The past two days have seen a fair amount of normal life cutting into my work time, which is why I haven’t posted.

What I did manage to do is get an abstract ready for the Open Knowledge Foundation Conference, which I hope to send off in the next couple of hours. Hopefully, I’ll be able to go there and present on it. It’d be a great way to take a look at what I’ve been doing from a different perspective, and to really clarify where we are and what I know. Our plan is to decide what we’re going to be looking at next week, and then really start attacking a large number of workflows in the coming month. So, all that is good.

I also managed to talk to Bertram and Karthik for a good long time today, as they weren’t on the call two days ago. I have a better idea of where I’m going, which is good.

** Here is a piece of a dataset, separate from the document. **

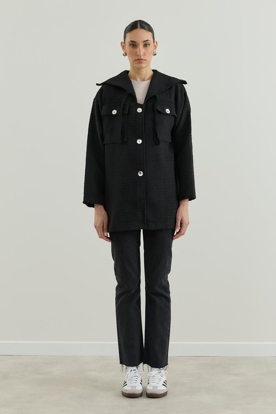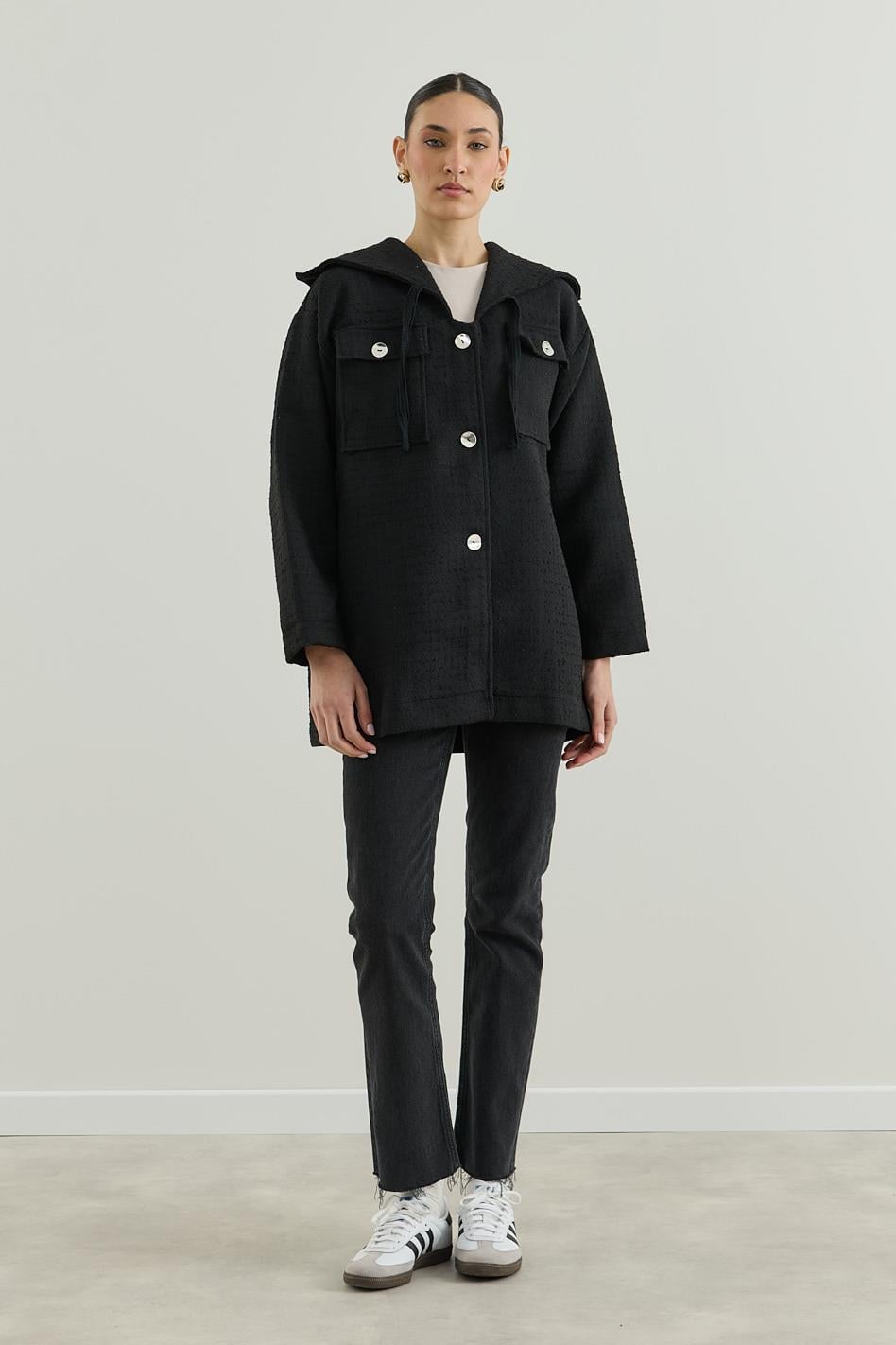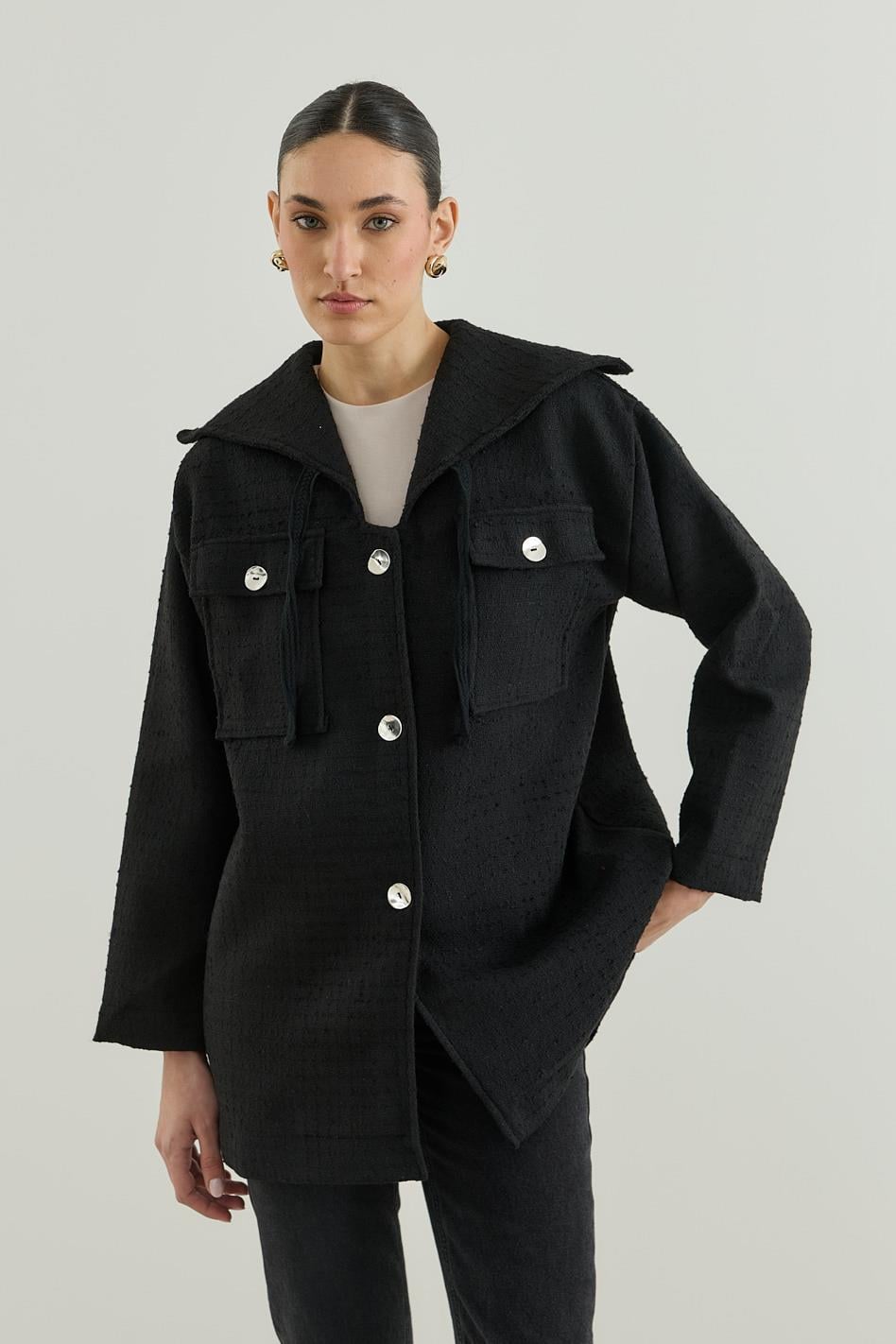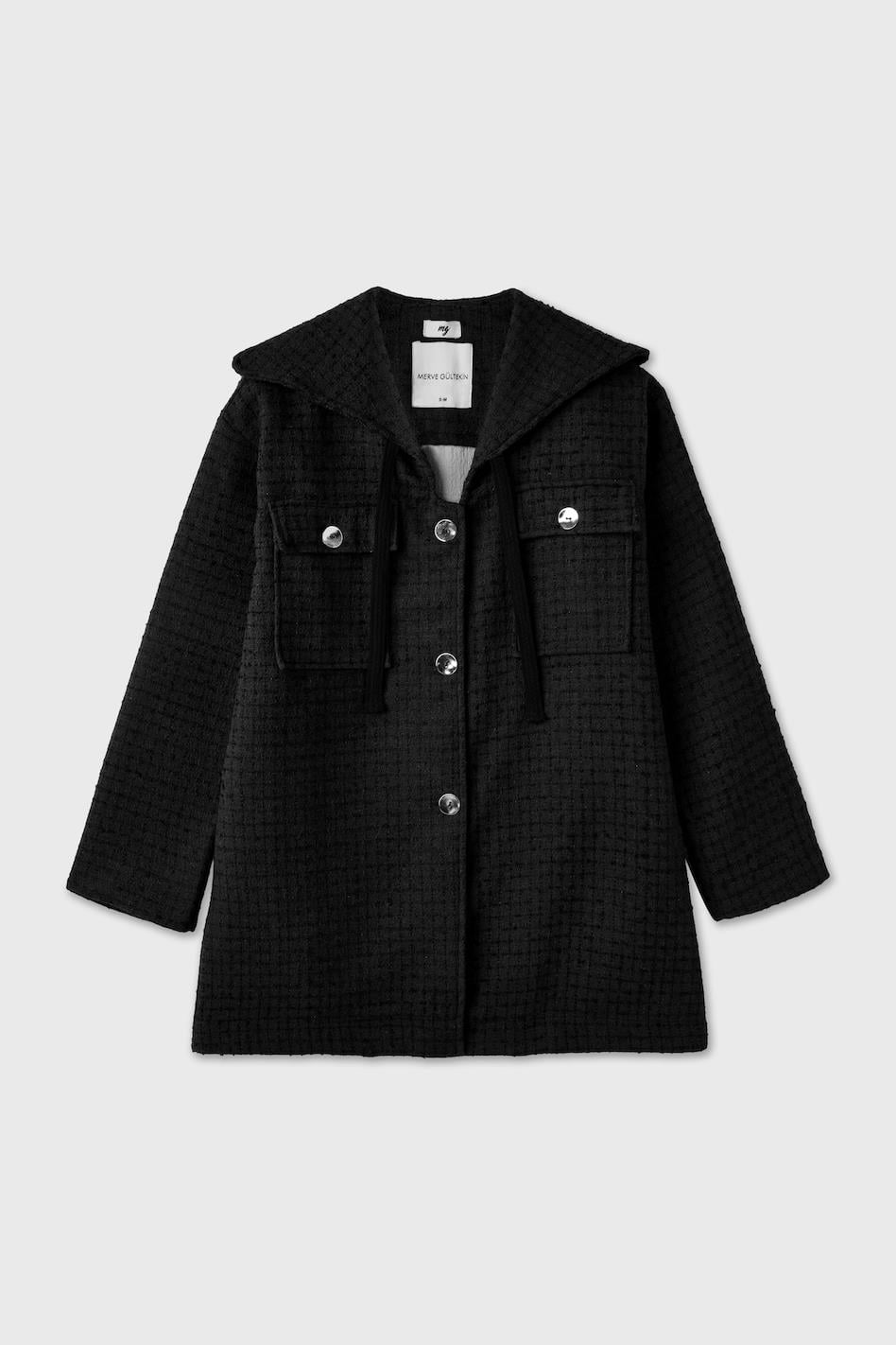 Denizci Yakalı Tüvit Ceket Siyah

My to-do list for this week and weekend:

Become Familiar with SPARQL and mining myExperiment for data.
Grab 6-10 Kepler + Taverna + Others – to look at complexity.
Look over these, run them myself, and see how they work. Then, we’ll go over them next week to see if we can come up with any interesting things regarding their classification and complexity. I’ll try and grab ones with images, as those will be easier to go over in the group call.
We’ll then pick out a dataset, and the next month will be analysing and looking at that dataset. This will be the main information part for the publication. So, what we need to do is decide what we’re going to be looking at based on the example workflows, and then go from there.
It would be useful to come up with a template for workflows, the deviations from which will help classify ones in the future. For instance, what about the number of branches? Or the level of recursion? This will be similar to wetland ecology, which uses classifications for streams. Also, qualitative differences – is there a difference between little use and more use? Or is it only publication and documentation?

Talk to you tomorrow.